Lysosomes are essentially a membrane-bound sac of hydrolytic enzymes, but they have various vital functions. Lysosomal enzymes are used to digest macromolecules, hydrolyzing proteins, polysaccharides, fats, and nucleic acids. Since the enzymes are most effective in an acidic environment, lysosomes keep their pH at approximately 5 by pumping hydrogen ions in from the cytosol. The leaking or bursting of a single lysosome will have little effect in the vast and neutral cytosol, but if several lysosomes open, the cell can be destroyed through autodigestion.

The membrane of the lysosome and the enzymes it contains are made in the rough ER and transferred by the Golgi to be tweaked. Some lysosomes are simply budded straight out from the trans face of the Golgi. The proteins of the inner membrane surface are spared from being digested by have three dimensional conformations which protect their bonds from enzymes.

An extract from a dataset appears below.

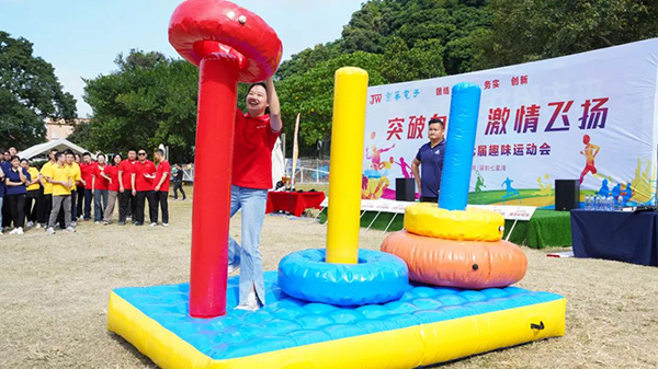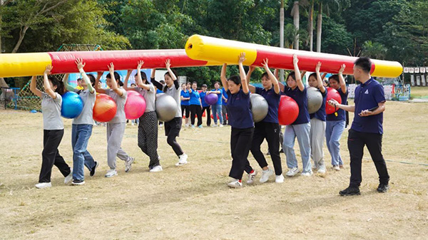 本次趣味運動會兼具競技性、趣味性,形式多樣,主要有“昂首前行”、“團隊漢諾塔”、“不倒森林”、“重錘出擊”、“點球大戰”及“拔河比賽”六個運動項目,這些項目既有速度的角逐,也有力量的比拼。賽場上,隊員們團結協作,在緊張激烈的氛圍中,在此起彼伏的助威吶喊中,揮灑運動激情,享受運動的快樂和競技的樂趣,充分發揮團隊的力量,齊心協力爭取集體榮譽。

One function of a lysosome is phagocytosis (from the Greek "phagein", "to eat", and "kytos", "vessel"), the process of engulfing smaller organisms or food particles. In human, macrophages (cells that move through tissue fibers) defend the body by "eating" bacteria and other invaders.

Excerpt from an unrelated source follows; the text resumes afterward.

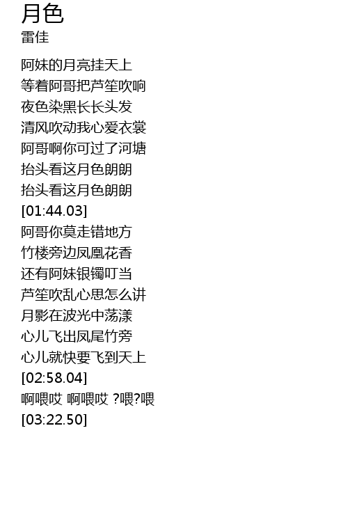 | [01:18.38] | 阿哥啊你可过了河塘 |

Lysosomes also engulf the cell's own material in autophagy. Cellular material is recycled when an older organelle or portion of cytosol needs to be dismantled. The organic monomers that remain are returned to the cytosol to bee reuse. The lysosome allows the cell to constant renew itself. A good example of this is the human liver cell which recycles half its macromolecules a week.

Lysosomes can even be programmed to destroy their entire cell. When cells are no longer necessary, such as the cells that make up a tadpole's tail or the webbing between a human fetus's fingers, their lysosomes dismantle them

There are many lysosomal storage diseases that can be inherited. Someone with a storage disease would lack one of the active hydrolytic enzymes normally present in a lysosome, leaving the organelle to become overfilled with indigestible substrates and unable to perform other necessary functions. In Pompe's Disease, the liver is damaged when glycogen accumulates because it cannot be broken down. In Tay-Sachs Disease, it is a lipid-digesting enzyme that is missing or inactive, allowing lipids to accumulate and impair the brain. Fortunately, storage diseases are rare.